To examine the long-term implications of a combined two-layered offshore transport of the spring bloom during the resuspension events detected by the CZCS time series (Figure 14.6) during April 1979 and by the FTD time series (Figure 14.11) and the moored fluorometer time series (Figure 14.13) in April 1984, we analysed our winter-spring shipboard data base, taken over ten years. The chlorophyll observations at each ship station (Figure 14.14) were subdivided into those from surface (0-20 m) and subsurface (20-50 m or 20- 75 m) waters on the middle shelf (20-50 m isobaths), the outer shelf (50-100 m isobaths), and the upper slope (100-1000 m isobaths). Although these station data were from different years (1973-82), each cruise was of sufficient duration (1-2 weeks) in February-May to capture the biological response to wind events at a frequency of 0.2 day-1. We have plotted the envelope of maximum chlorophyll concentration encountered by the ship each Julian day (Figure 14.14), for all the cruise data. This analysis represents the statistical ensemble of resuspension events the CZCS would be likely to detect, as maximum surface chlorophyll, over a decade of infrequent, non-stationary time series (Figure 14.6).

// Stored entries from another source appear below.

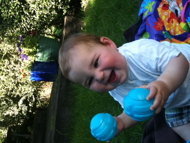 Alex didn’t let his bruises ruin the weekend, and we had a lovely time enjoying the sudden heatwave.  We spent this morning playing in lovely Dulwich Park, and this afternoon having fun in the garden.
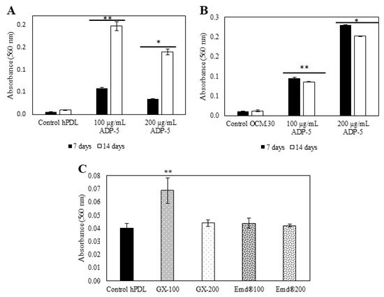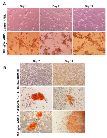 Alizarin red staining (ARS) was used to assess matrix mineralization. In the first step of the investigation, the ARS assay was carried out following the contact of ADP-5 alone, at the concentration of 100 µg/mL and 200 µg/mL, after 7 and 14 days for both hPDL and OCM.30 cells. In the second part of the investigation, hPDL cells were subjected to 100 µg/mL and 200 µg/mL GX-ADP-5 or Emdogain® (100 µg/mL and 200 µg/mL). The culture media were changed every 3 to 4 days.
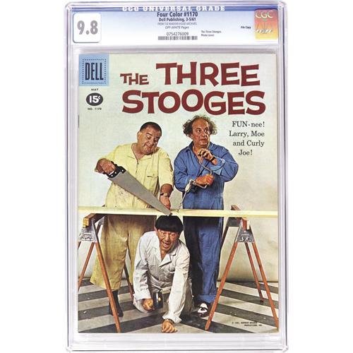 <B>Four Color #1170 The Three Stooges - File Copy (Dell, 1961) CGC NM/MT 9.8 Off-white pages.</B></I> Here's a pristine copy of the fourth of five <B>Four Color</B></I> outings for the Stooges. Overstreet 2006 NM- 9.2 value = $215. CGC census 5/06: 2 in 9.8, none higher. <I>From the Random House Archives.</B></I> <BR><BR><B>Important notice:</B> Heritage usually auctions material at the rate of 200-250 lots per hour. On some occasions eBay Live bid software or the Internet may not be able to keep up with the pace of the auction. We recommend placing a realistic absentee bid now as insurance to avoid disappointment. Occasionally the auctioneer may eliminate or reject an eBay Live bid, and the auctioneer may also reopen a lot after the close of the eBay live bidding (usually because we missed an audience bid), and may reject your bid even if it shows you as the winning bidder. By bidding via eBay Live, you agree that Heritage may award the lot to another bidder at its sole discretion under the circumstances described above or any other reasonable circumstances. Since eBay bids are not shown to us until we open the lot on the floor, we treat those bids just like floor bids. In most cases the floor responds before the eBay bid is presented to us, due to Internet lag time, so for consistency we have made it a policy that floor bids are always considered first over tie eBay live bids. Also please note that all Heritage lots purchased through eBay Live carry a 22.5% Buyer's Premium. Please make sure you read the Terms and Conditions before you bid. This lot is being auctioned in conjunction with a live floor auction by Heritage Auction Galleries. All final auction and invoice information will be supplied by Heritage Auction Galleries, and all other information should be considered preliminary. Lot:41001 <BR><BR><B>Winning Notification and Billing:</B> After the FINAL session in this auction is complete, Heritage will send e-mail and snail mail invoices. This process normally takes several days. All final auction and invoice information will be supplied by Heritage Auction Galleries, and all other information should be considered preliminary. <BR><BR>This auction will be conducted on a live auction floor and over the Internet through eBay Live. If you choose to place an absentee bid, please take a moment to <font color='#0000ff'><u><a href='http://pages.ebay.com/liveauctions/help/before/laabsentee.html'>learn how eBay Live absentee bidding works</a></u></font><font color='#000000'>
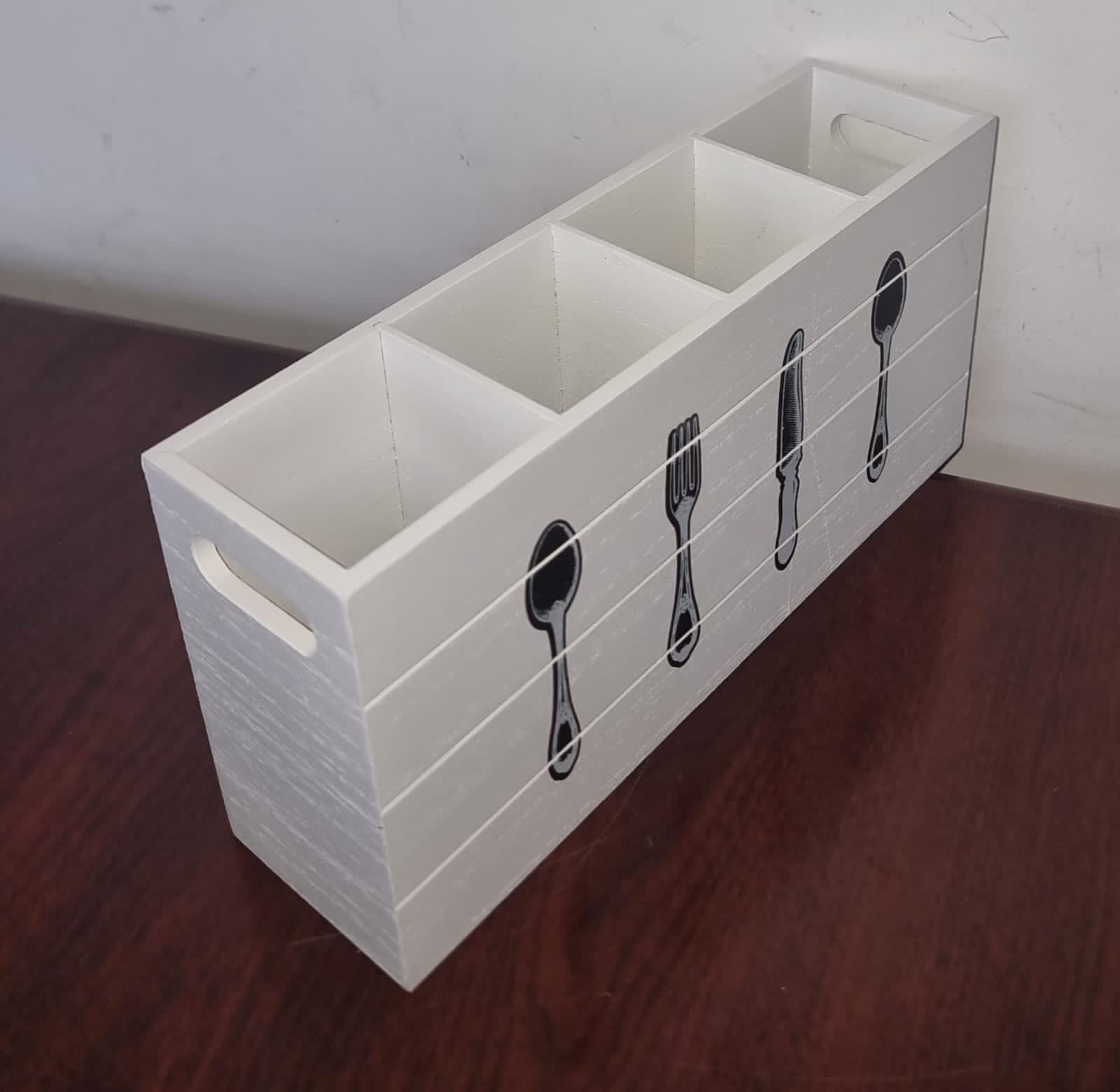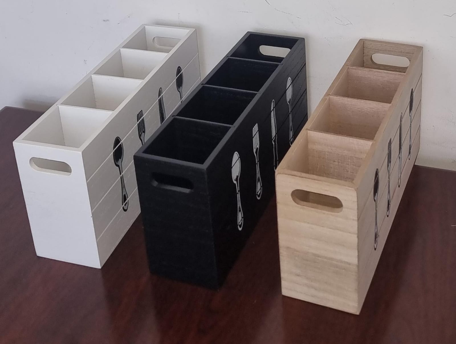 Range-couverts en bois mesurant 30x8x15cm avec 4 sections
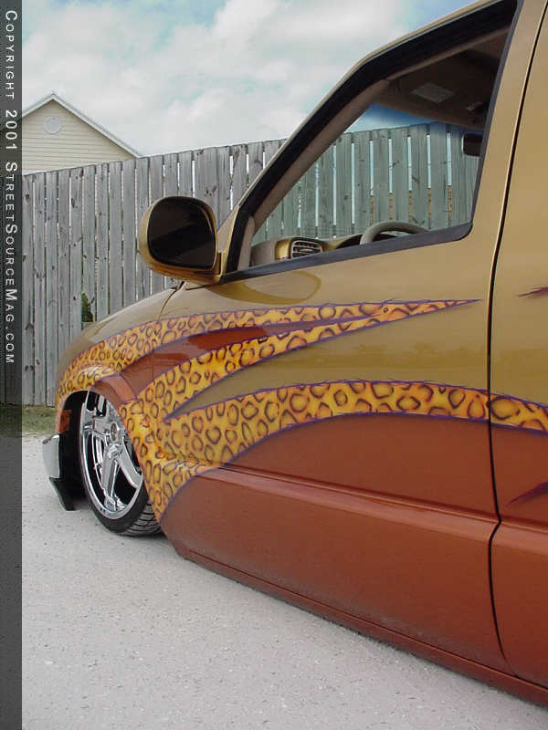 Next, Tom came up with a few ideas to set the exterior of his Blazer off from the rest. To get his ideas moving, Tom contacted Mad Mods in Hollywood, Florida. In their hands, Tom's Blazer was first shaved of all unnecessary items including the roof rack, door handles, antenna and taillights. Mad Mads then welded the rear of Tom's Blazer closed and installed High Tech LED's in the place of the taillights. In the rear of Tom's Blazer, Mad Mods also went to work installing the rear quarter panels from an S10 pickup truck.
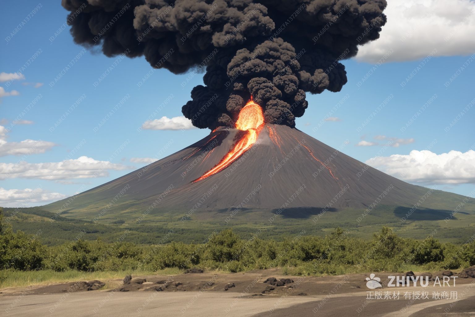 鲜红色的火焰和熔岩,浓厚的烟雾状云彩。远处的山峰和
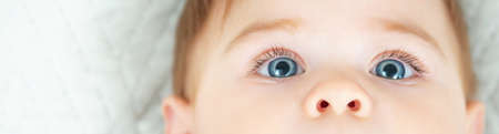 Close-up portrait of baby boy with beautiful blue eyes and long eyelashes. Baby eyes detail photo. Panorama, banner.
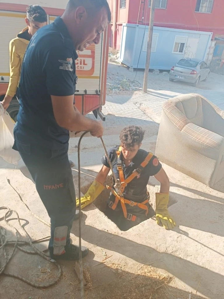 Hatay’da kuyuya düşen köpek itfaiye ekipleri tarafından kurtarıldı.
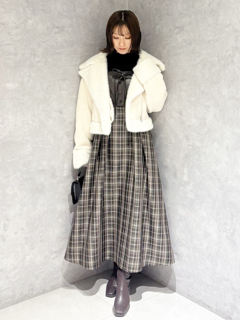 大人可愛い冬のデートコーデ❤️ *アウター 昨年も大人気だったムートンコート✨ 内側がフェイクファーデザインなのでカジュアルになりすぎずに着ていただけます! 短丈なのでハイウエストアイテムとの合わせも◎ *トップス 定番パールニットは袖がフレアデザインで女性らしい一枚になっております! *ワンピース キャミソールデザインのワンピースなので中にニットをレイヤードして着こなしても◎ビスチェデザインなのでウエストラインがキュッとしまって見えます! *シューズ 足幅広め23.5センチ締め付け感なく楽に履けました。
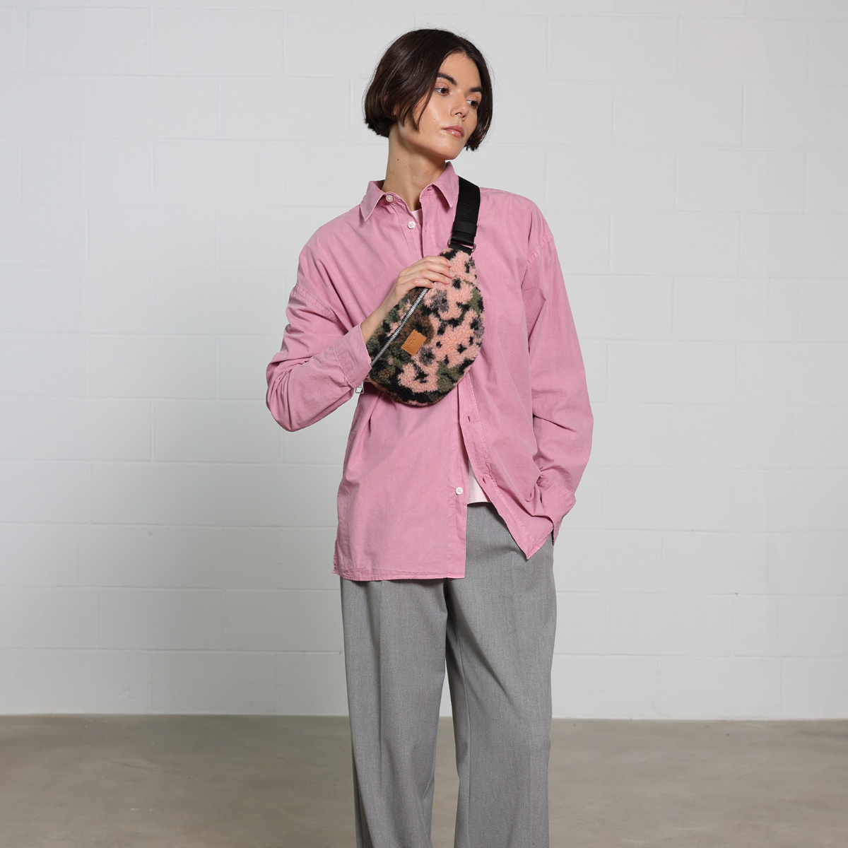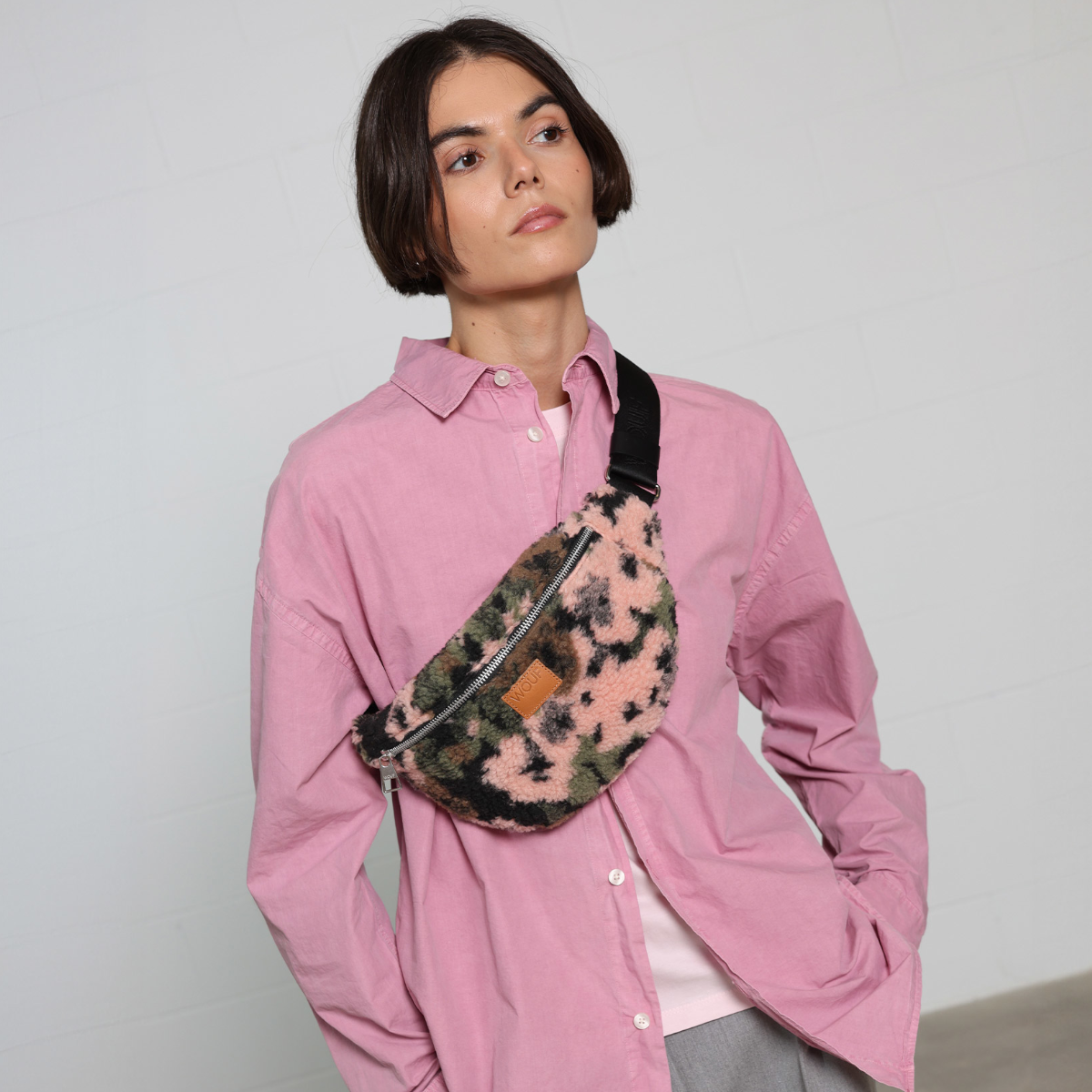 Questo grande marsupio unisce comfort, funzionalità e sostenibilità in un accessorio elegante. Realizzato in Spagna in morbido teddy con poliestere riciclato, è davvero comodo da indossare.
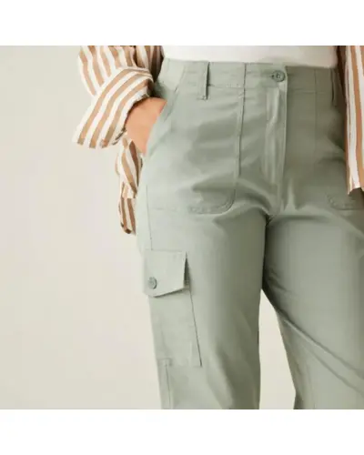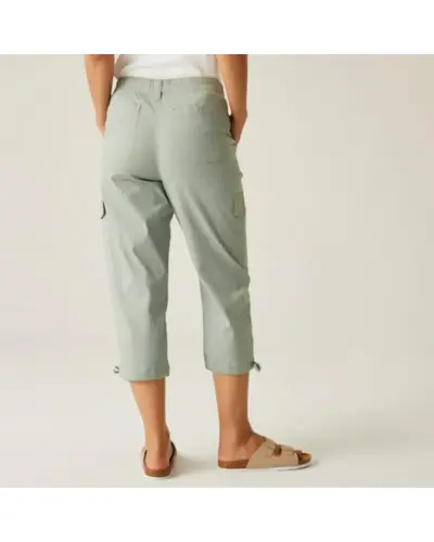 Női capri nadrág, Anyag:, 210gsm, 56% viszkóz / 40% BCI pamut / 4% elasztán twill anyag, Tulajdonságok:, Részben elasztikus derékrész a kényelmes illeszkedésért, Többzsebös kialakítás: elülső, oldalsó és hátsó zsebek, Garment washed kivitel – puhább tapintás és vintage megjelenés, Felfelé fordított alsó él, UV-védelem (UPF 50+), Ideal választás mindennapi viselethez, ötvözve a kényelmet, a funkcionalitást és a stílust.
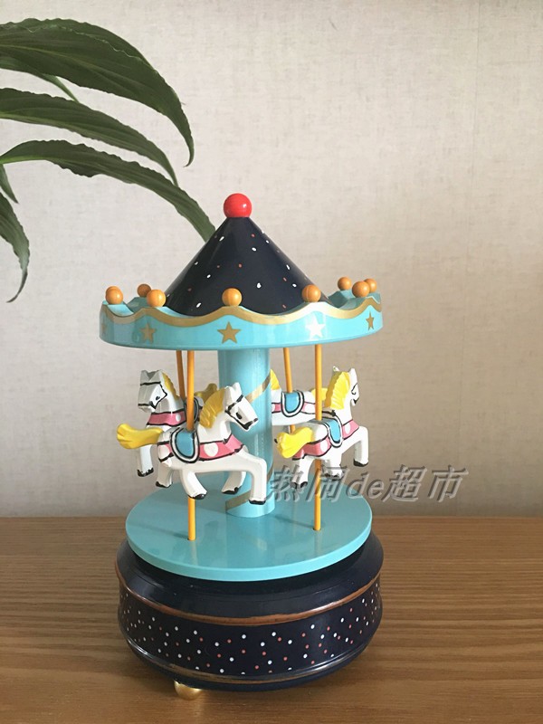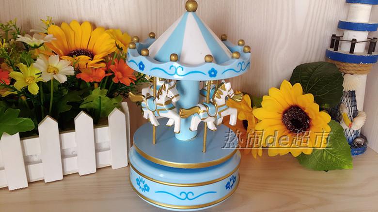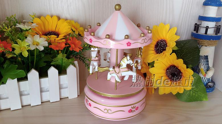 Merry-go-round music box birthday cake decoration decoration baking plug-in creative music box gift Wood
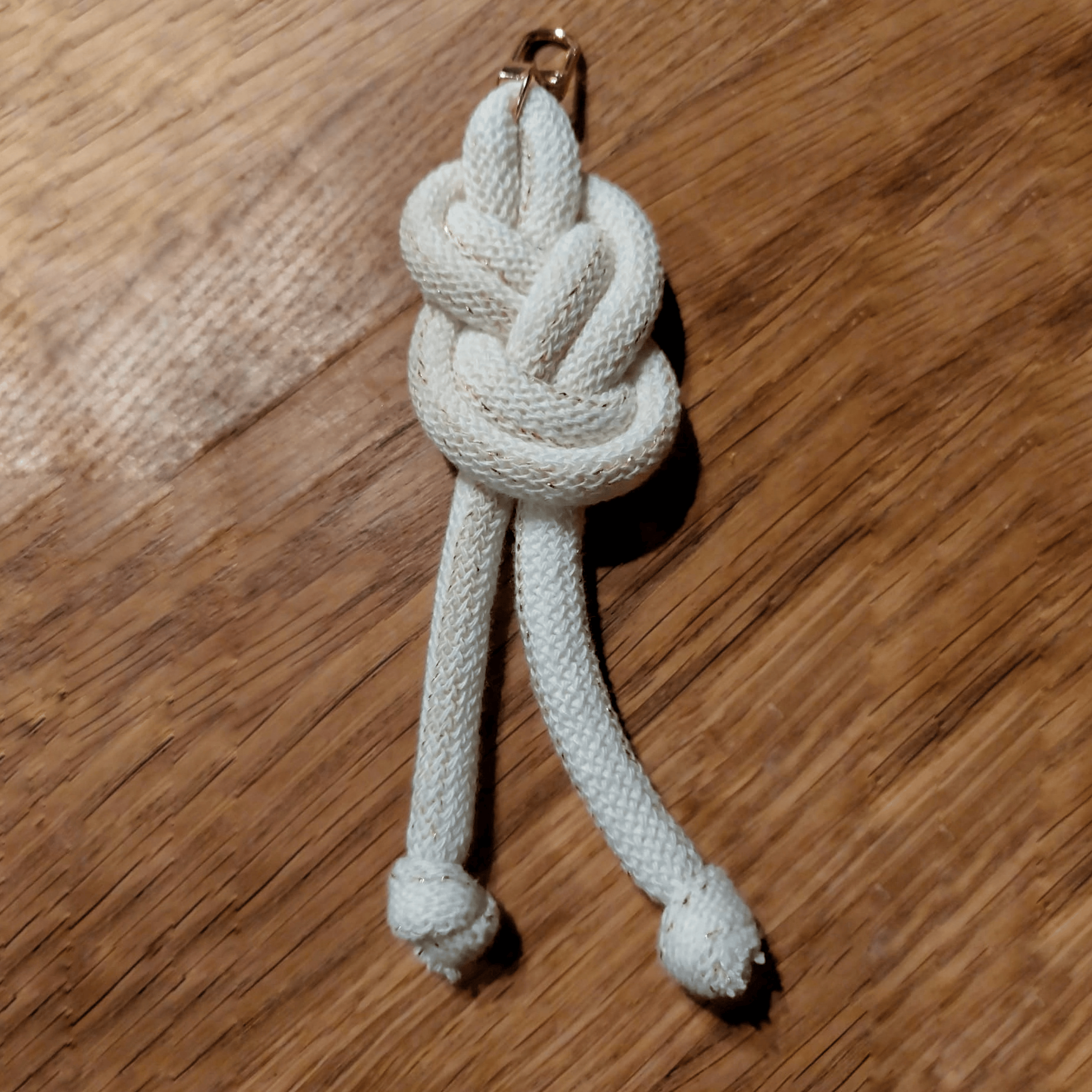 Geknoteter Anhhänger für Taschen oder als Schlüsselanhänger mit goldener Hängeschnalle.

Maximal shipboard chlorophyll concentrations as high as 16 µg chl l-1 and as low as 4 µg chl l-1 were found, similar to the CZCS images during April 1979, with the peaks separated in time by perhaps 5 days (Figure 14.14). The slanted lines of Figure 14.14 are thus drawn 5 days apart and suggest a seaward translation of maximal chlorophyll concentrations, from mid-shelf to the slope, in response to wind forcing of the same frequency. If the algal populations of the surface maxima (0-20 m) on the mid-shelf, outer shelf, and upper slope become the subsurface chlorophyll maxima (20-46 m) 5 Julian days later in time, a sinking velocity of at least 4-5 m day-1 is implied. If the diatom populations of the mid-shelf spring bloom are translated 60-80 km across the the shelf to become part of the phytoplankton populations (i.e. including daughter cells produced en route) of the slope water 40 Julian days later in time, an offshore velocity of at least 1.5-2.0 cm sec-1 is implied.
Such inferred vertical and horizontal diplacement rates of the chlorophyll ensemble over 10 years (Figure 14.14) are not inconsistent with estimates of sinking and offshore advection rates obtained from CZCS images, shipboard measurements and moored in situ data, during the 1979 and 1984 spring blooms. Such horizontal exchange rates also provide reasonable carbon budgets for export of particulate matter from the shelf. As additional analyses of spatially synoptic satellite data provide more time series on algal biomass changes in shelf and slope waters, we will be able to specify the interannual and possible long-term changes of shelf export from both the Mid-Atlantic Bight and other shelves. These data will provide a basis to refine our present understanding of global biogeochemical cycles between their oceanic, terrestrial, and atmospheric reservoirs (Walsh, 1984).
Figure 14.14 A chlorophyll (µg l-1) composite of the vertical distribution of phytoplankton biomass across the shelf and slope of Mid-Atlantic Bight from over 50 cruises taken during February-May 1973-1982.
This research was sponsored by NASA for reduction of the czcs data, by DOE for acquisition of the shipboard rate data, and by NOAA for providing biomass data and the use of their research vessels.